I then started applying data mining in the stock market as my first job in industry. I realized the difference between image recognition, where 99% correct classification rate is state of the art, and stock market, where you’re happy with 55%. However, the company ambiance was not as good as I thought, so I moved to consulting. There, I applied data mining in behavioral targeting to increase click-through rates. When you compare the number of customers who click with the ones who don’t, then you really understand what class imbalance mean. A few months ago, I accepted a very good opportunity at SICPA. I’m looking forward to resolving new challenges there.

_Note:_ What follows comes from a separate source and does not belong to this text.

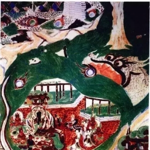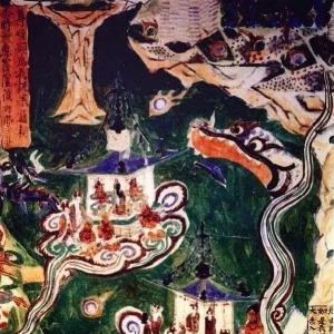 五代 莫高窟61窟南壁壁画 龙宫说法 释迦佛在龙宫为海龙王说法,龙宫四周画龙头与龙女,画面很生动。下部墨书榜题:“世尊于七日,住摩竭海中。然后出龙宫,安详升此岸。”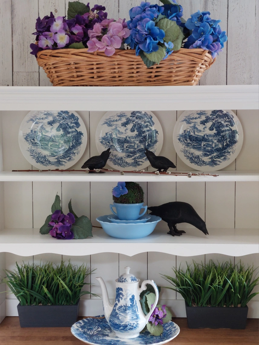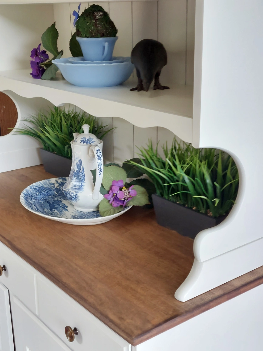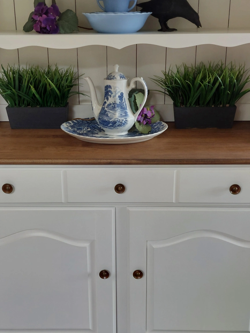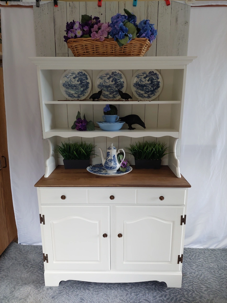 10Vintage Cottage style Buffet and Hutch. Solid wood painted in a durable warm white with medium brown stained top. Bead board back. Lower compartment has one fixed shelf. Located in the Properties area of North Cowichan - Maple Bay east side of Duncan

Ajay- Your blog is the top ranked blog for “data mining blog”. Could you share some tips on better blogging for analytics and technical people

Sandro- It’s always difficult to start a blog, since at the beginning you have no reader. Writing for nobody may seem stupid, but it is not. By writing my first posts during my PhD I was reorganizing my ideas. I was expressing concepts which were not always clear to me. I thus learned a lot and also improved my English level. Of course, it’s still not perfect, but I hope most people can understand me.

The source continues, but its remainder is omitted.